***** DATA SHOWN *****

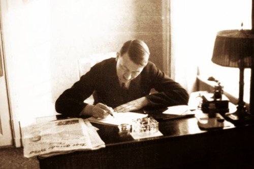 Afbeelding boven: het monument voor de Rukhnama in Asjgabat; de constructie had een mechaniek waarmee af en toe een bladzijde kon worden omgeslagen. Afbeeldingen onder: dictators aan de schrijftafel – Mussolini, Hitler, Stalin, Mao.
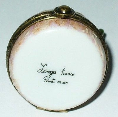 This adorable little Christmas box is a snowman with a red, green, and white muffler, green mittens, and a brown hat, next to a pile of gifts. The pink and white base is flocked with snow. The clasp is a button and a scene of a country cottage, in the summertime, is painted inside. It has a diameter of 1.4" with a height of 1.8". On the bottom is: "Limoges France - Peint Main." PLEASE CHECK MY OTHER AUCTIONS FOR MORE LIMOGES BOXES - I'LL BE LISTING ADDITIONAL ONES LATER IN THE WEEK. PLEASE CHECK BACK OFTEN.
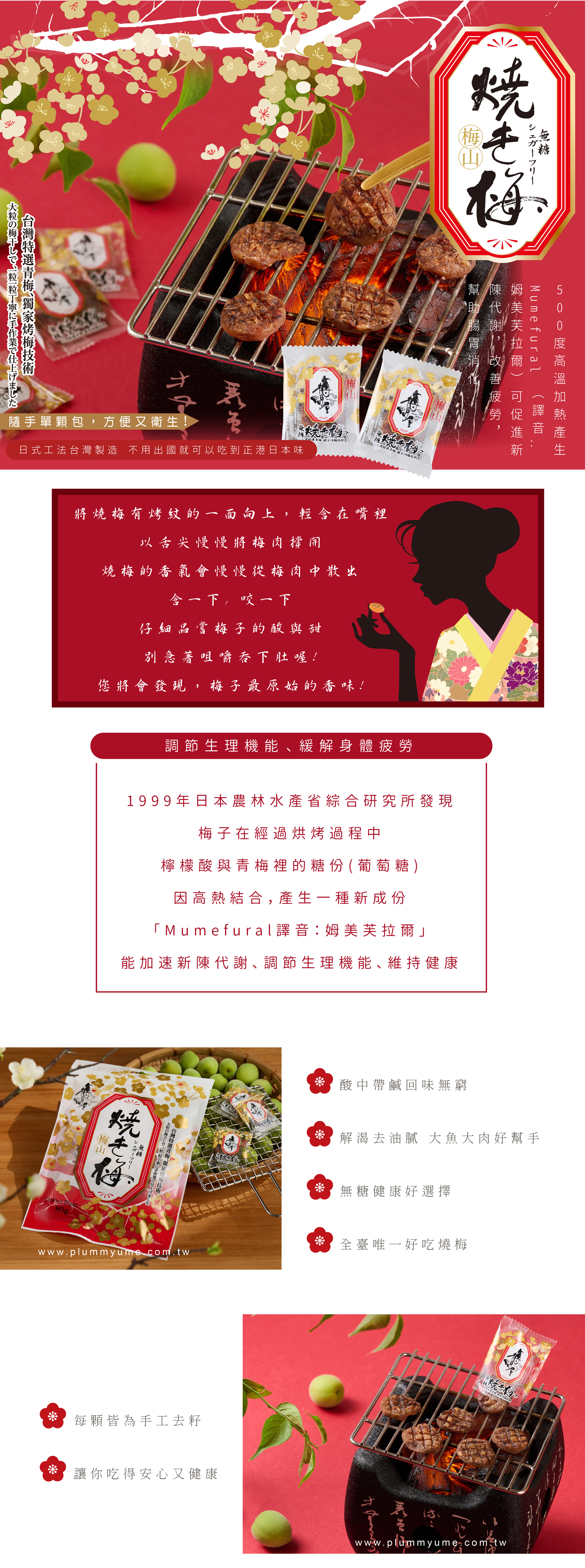 使用台灣在地青梅,鹽漬日曬後,經500度瞬間高溫加熱,梅子裡的檸檬酸與糖分(葡萄糖),因高熱結合而產生新成份「Mumefural 譯音:姆美芙拉爾」能促進新陳代謝、幫助維持消化道機能、調整體質。 烤過後的梅子表面有著獨特的烤紋,輕含在嘴裡慢慢咀嚼,燒梅的香氣會慢慢從梅肉中散出,您將會發現,梅子最原始的香味,沒有防腐劑、糖精、糖蜜素、無加糖、無籽,吃得安心無負擔。

*****

**EXERCISE OBJECTIVE:**
Output nothing but an exact retyping of the material, pictures excluded.

**RESULT:**
 Afbeelding boven: het monument voor de Rukhnama in Asjgabat; de constructie had een mechaniek waarmee af en toe een bladzijde kon worden omgeslagen. Afbeeldingen onder: dictators aan de schrijftafel – Mussolini, Hitler, Stalin, Mao.
 This adorable little Christmas box is a snowman with a red, green, and white muffler, green mittens, and a brown hat, next to a pile of gifts. The pink and white base is flocked with snow. The clasp is a button and a scene of a country cottage, in the summertime, is painted inside. It has a diameter of 1.4" with a height of 1.8". On the bottom is: "Limoges France - Peint Main." PLEASE CHECK MY OTHER AUCTIONS FOR MORE LIMOGES BOXES - I'LL BE LISTING ADDITIONAL ONES LATER IN THE WEEK. PLEASE CHECK BACK OFTEN.
 使用台灣在地青梅,鹽漬日曬後,經500度瞬間高溫加熱,梅子裡的檸檬酸與糖分(葡萄糖),因高熱結合而產生新成份「Mumefural 譯音:姆美芙拉爾」能促進新陳代謝、幫助維持消化道機能、調整體質。 烤過後的梅子表面有著獨特的烤紋,輕含在嘴裡慢慢咀嚼,燒梅的香氣會慢慢從梅肉中散出,您將會發現,梅子最原始的香味,沒有防腐劑、糖精、糖蜜素、無加糖、無籽,吃得安心無負擔。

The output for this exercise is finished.